Power Laws, Weblogs, and Your Given Name
gummint writes "After contemplating the blogsphere and pondering whether "diversity plus freedom of choice creates inequality", consider an old-media domain name: the one your parents gave you. How did they choose it? How many other persons have the same one? Get some facts, or a lot of facts. Or just comment anyway. The good news is that the extent of inequality can change massively over time: the popularity of the most popular given names has decreased dramatically since the Industrial Revolution."
Don't you hate when there's several people with the same name as yours? I know more than 10 different "Miguel Farah" besides myself, and that's only within my family.
That's why most spanish-speaking countries keep using the two names + two surnames (the father's and the mother's) method for the full name of a person. That way, my full name is "Miguel Braxton Farah Fugate", which decreases dramatically the probabilty of a name collision (even more for people with relatively uncommon surnames, like myself).
This practice was started somewhere in the Middle ages, and while it's not as good as a unique number or ID, the cases of people with two identical full names are very rare.
"Trust me - I know what I'm doing."
- Sledge Hammer
- 1940s not even in the top 1000
- 1950s #622
- 1960s #242
- 1970s #26
- 1980s #14
- 1990s #15
and that's about where Ryan has been stuck now for 10 years, floating between #17 and #12.I was born in 1974. I wonder what happened in the 1950s - 1960s that caused such an upswing?

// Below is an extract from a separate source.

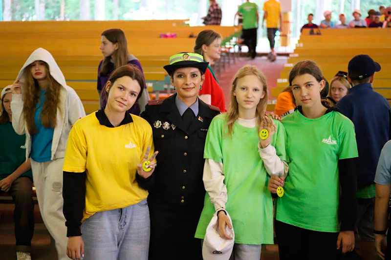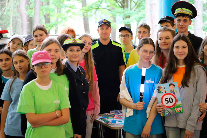 Сотрудники ГАИ, ИДН и ППСМ Заводского РУВД столицы, а также бойцы ОМОН провели квест для ребят, отдыхающих в ДОЛ «Зубренок» и рассказали юным пешеходам о соблюдении ПДД, напомнили о правилах безопасного поведения в быту и общественных местах.

I can't think of any popular celebrities named Ryan from that era. Any insights?
Ryan T. Sammartino
"Ancora imparo"
Favorite stat from 10 seconds of perusal:
Popularity of the name Trinity:
Year of birth Rank
2001 67
2000 74
1999 216
1998 555
1997 547
1996 687
1995 683
1994 821
1993 951
Curious, isn't it. Something seems to have caused a sudden jump in popularity in the middle of 1999!
While i really enjoyed the matrix, i can't say that it ever occured to me that it would cause a sudden spike in people naming their daughters trinity.
Christopher Jason Smith
When I had shoulder surgery in 1993, there was another Christopher J Smith there for the same basic operation, on the other shoulder. Of course the anesthesiologist switched the files! Basic idea was to put meds in one arm, operate on the other. He was rather offended when I yanked the I.V. out of my arm while asking "what are the first 3 numbers of the SSN on that chart?" Ten minutes later, after some ID checking and whatnot, I was on my way to dreamland.

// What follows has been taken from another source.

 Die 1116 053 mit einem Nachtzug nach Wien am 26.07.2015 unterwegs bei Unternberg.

My own family didn't have last names until after the First World War and the loss land and power after that war. We were identified by our membership in particular Royal houses. We were addressed as Emperor, or King, or Duke, or Prince with the appropriate titles that went with it.
With the First World War and beginning with the English Royal Family abandoning it's German roots by adopting the name of Windsor, they set the tone for the dismantling of the house system. My great-great-granduncle, German Kaiser Wilhelm II at the time of the English abandonment of their heritage, remarked that he always enjoyed the comic operetta "The Merry Wives of Saxe-Cobourg-Gotha," a reference to the British Royal family's true German name. Two of those house names are also part of my name.
My own grandfather, an Archduke in the Austrian Empire had to abandon his titles and adopted a name that was taken from the name of the his ancestral home in the south of Austria. He was later appraoched by Hitler to help with the union of Austria and Germany, but categorically refused him. After the anschlus in 1938 his vocal anti-Nazi stance got him into more trouble and his lands were seized.
This is all probably not very interesting, and I'll probably loose a few karma point by this post. But who cares? There is no such thing as Karma anyway.
Might work in some polynesian languages. You can go entire sentences in Samoan w/o using a single consonant (well... unless you count the glottal stop). O a'u ia (I am a fish). OK, that one may not come up often, but I seem to recall that the word for "learning" also has no consonants, so "I am learning" wouldn't have any.
And I've met Samoans whose names were entire sentences. Fa'alelalolagi (like that which is below the heavens, I think).
Libertarianism is rich wolves and poor sheep playing gambler's ruin for dinner.